**THE DATA:**
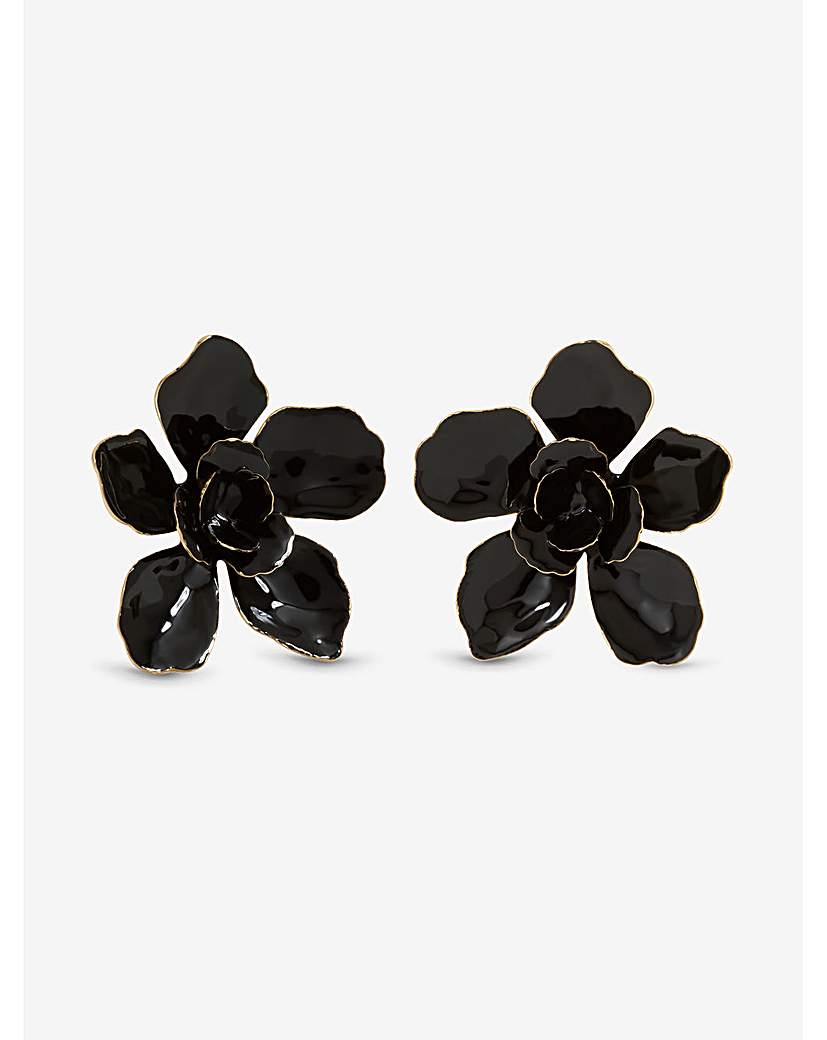 Mood Jet Statement Flower Earrings Our Mood Jet Statement Flower Earrings are made to stand out this season, featuring a delicate and elegant, these earrings pair polished gold tones with bold jet floral detailing. Their fresh, feminine design adds a subtle touch of charm to any look, making them perfect for both everyday wear and special occasions. Fastening: Post and bullet back Material: Gold plated base metal Width: 43mm, length: 43mm. Non-returnable: in the interest of hygiene we are unable to exchange or refund this item unless faulty, this does not affect your statutory rights.
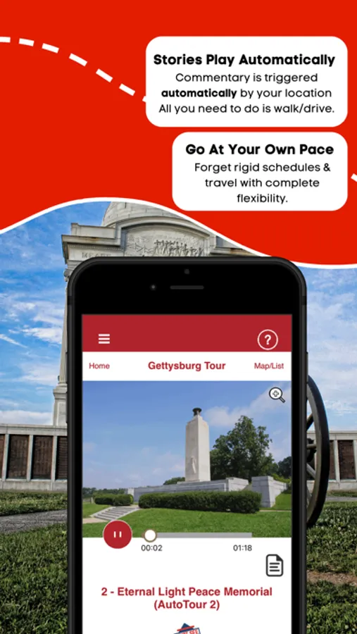 Explore the battlefield from the comfort of your own car or rental while you listen to a detailed, blow-by-blow account of the battle. Dive deep into broad history and personal stories alike, stop wherever and whenever you want, and truly immerse yourself in this turning point in American history.
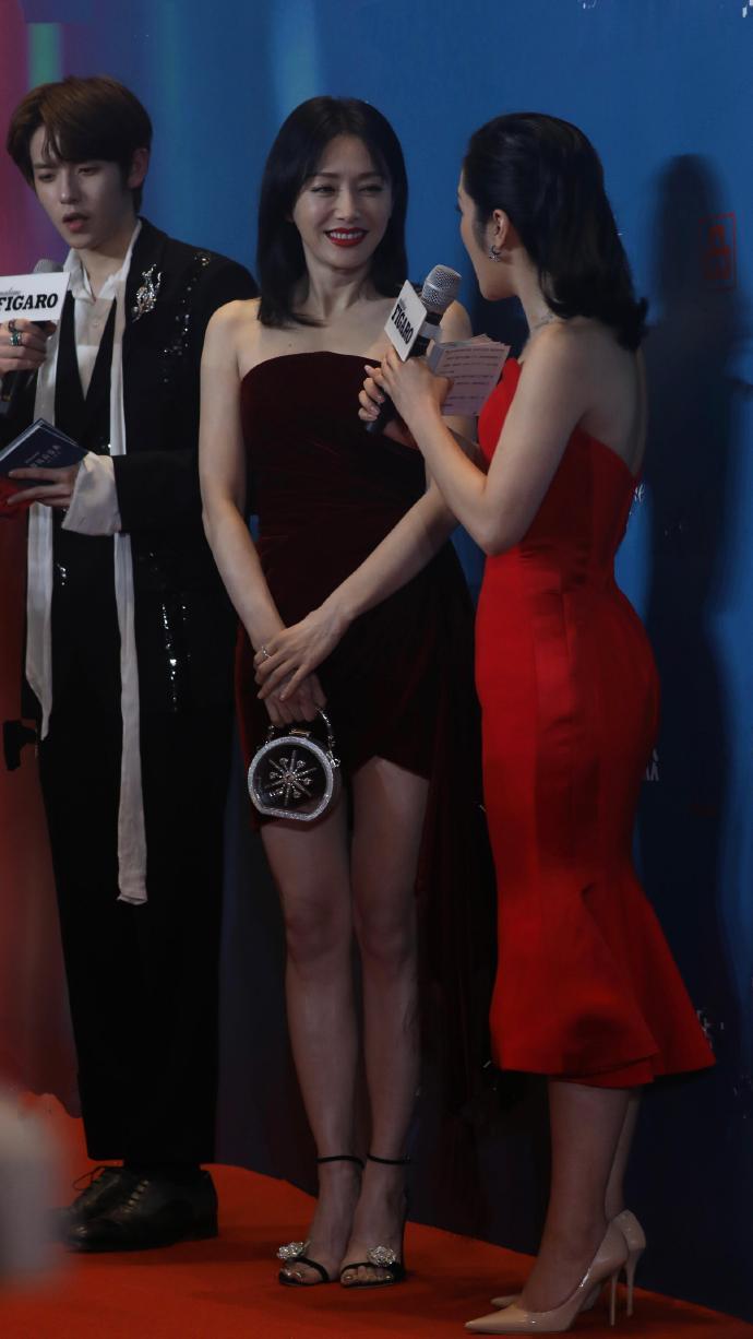 果然不愧是老牌女王!穿着高跟鞋居然还垫着脚接受采访,秦岚能够长红这么多年也是有原因的,女明星太不容易了

**REQUIRED ACTION:**
Aside from its pictures, the listing must be given again in full, exactly as it appears.

**EXERCISE OUTPUT:**
 Mood Jet Statement Flower Earrings Our Mood Jet Statement Flower Earrings are made to stand out this season, featuring a delicate and elegant, these earrings pair polished gold tones with bold jet floral detailing. Their fresh, feminine design adds a subtle touch of charm to any look, making them perfect for both everyday wear and special occasions. Fastening: Post and bullet back Material: Gold plated base metal Width: 43mm, length: 43mm. Non-returnable: in the interest of hygiene we are unable to exchange or refund this item unless faulty, this does not affect your statutory rights.
 Explore the battlefield from the comfort of your own car or rental while you listen to a detailed, blow-by-blow account of the battle. Dive deep into broad history and personal stories alike, stop wherever and whenever you want, and truly immerse yourself in this turning point in American history.
 果然不愧是老牌女王!穿着高跟鞋居然还垫着脚接受采访,秦岚能够长红这么多年也是有原因的,女明星太不容易了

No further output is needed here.